MiniMax M2.5 is a 229-billion parameter mixture-of-experts model with 45.9 billion active parameters per forward pass. It demands a minimum of 8 NVIDIA H100 GPUs just to load. It costs $19.92 per hour on Lambda Labs. And after weeks of testing, we are not sure whether to call it impressive or disappointing — because it is genuinely both, depending entirely on what you ask it to do.

This is not a blog post that will tell you M2.5 is great or terrible. It is a blog post that will show you exactly what happened when we ran six benchmark suites against it and let the numbers speak. Some of those numbers are among the best we have ever recorded. Others are among the worst. The model does not care about your expectations, and neither do we.

Model Profile

Attribute	Value
Architecture	Mixture of Experts (MoE)
Total Parameters	229B
Active Parameters	45.9B per token
Context Window	128K tokens
Precision	bfloat16
Serving Framework	vLLM 0.7.x with expert parallelism
Minimum Hardware	8x NVIDIA H100 SXM 80 GB
Interconnect	NVLink 4.0 (900 GB/s bidirectional)
GPU Memory Used	~458 GB (across 8 GPUs)
Provider Cost	$19.92/hr (Lambda Labs, 8x H100)

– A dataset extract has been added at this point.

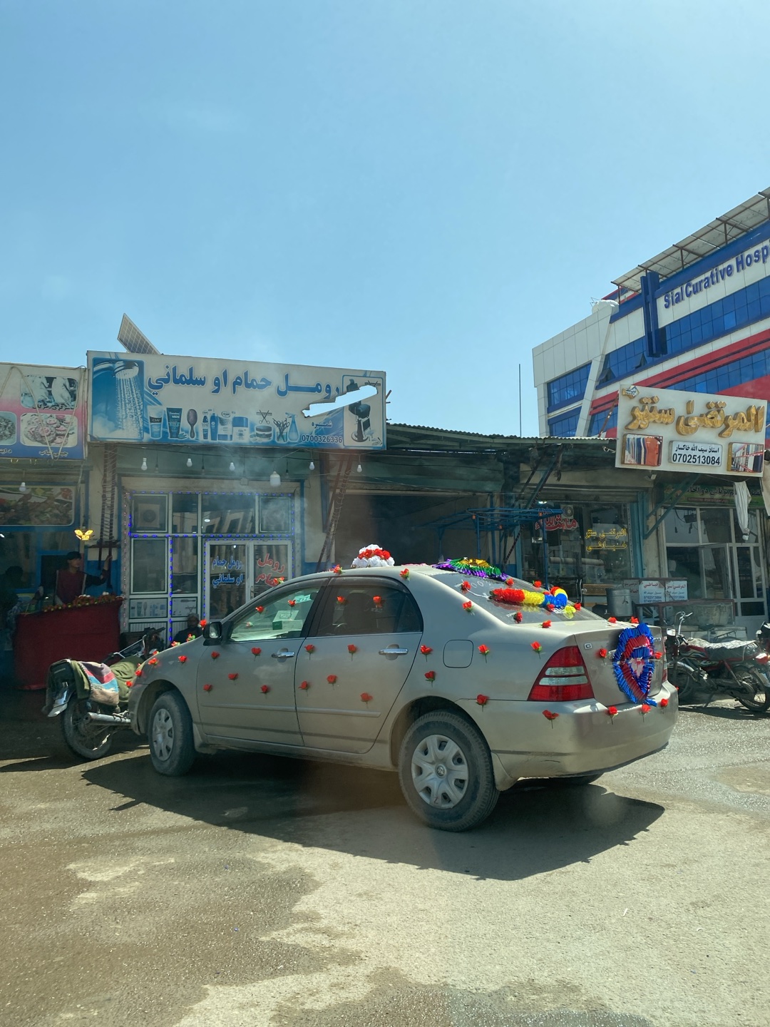 The image shows a silver car decorated with red roses and colorful garlands, parked on a street in Kandahar, Afghanistan. The car has additional decorations on the roof and rear. A motorcycle with a s…read more

There is no 4-GPU option. There is no 2-GPU option. The 229B parameter count, even with sparse activation, means the full weight matrix must be distributed across 8 GPUs via expert parallelism. This is the entry price. If your infrastructure cannot support an 8-GPU node, M2.5 is not for you.

The Throughput Story

Let us start with what M2.5 does well, because it does this very well.

At concurrency 128, MiniMax M2.5 sustains 8,876 tokens per second. That is not a typo. Eight thousand, eight hundred and seventy-six. For context, Gemma 4 31B peaks at 1,260 tok/s on a single H100. M2.5 delivers roughly 7x that — but it is also using 8x the GPUs, which makes the per-GPU throughput (~1,110 tok/s) comparable. The MoE advantage is not that each GPU works harder; it is that the sparse activation pattern allows the model to scale across GPUs with minimal routing overhead.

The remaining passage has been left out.